As yet, only mother’s milk will do, and so with a deft scoop he’s in my arms as we prepare to head through the darkness to Ellie. I allow myself a brief moment to marvel at my previously inconceivable assurance in handling him, and in that moment the big toe of my right foot snags in the bottom of my left pyjama leg and I lurch headfirst (Leo’s head first) through the dim light towards the solid wood of the bookcase. In the time it takes for my breath to catch I switch him into the nook of my right arm and shoot my left out to seize the frame of the shelf. Catastrophe averted, I steady myself, but my heart is racing off ahead of me nevertheless. Leo picks up on the panic and his crying escalates accordingly as we round the corner and negotiate the narrow length of the corridor and the pram within. Ellie’s bedside light flickers, a beacon as I negotiate the sombre enemy, and I shoulder open the door to deliver Leo into the arms of freedom.

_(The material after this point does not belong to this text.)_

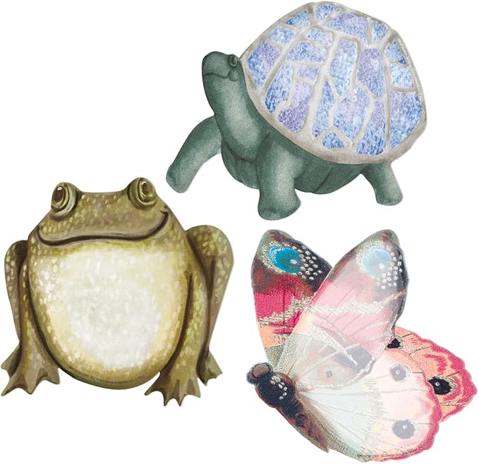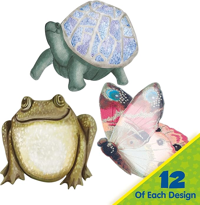 - Comes with 36 decorative classroom cutouts (12 each of 3 designs: frog, butterfly, and turtle)

It is three in the morning. I slope back to the sofa. It will take Leo all of thirty minutes to feed. He’ll then spend the remainder of the night tucked away in his Moses basket by the bed, as Ellie takes the watch. By eight he will rise from his slumbers, and mother with him. She will deliver him along the corridor from one bedroom to another, from the south wing to the north, and on to my waiting lap, before making tea in the kitchen. Morning, Leo.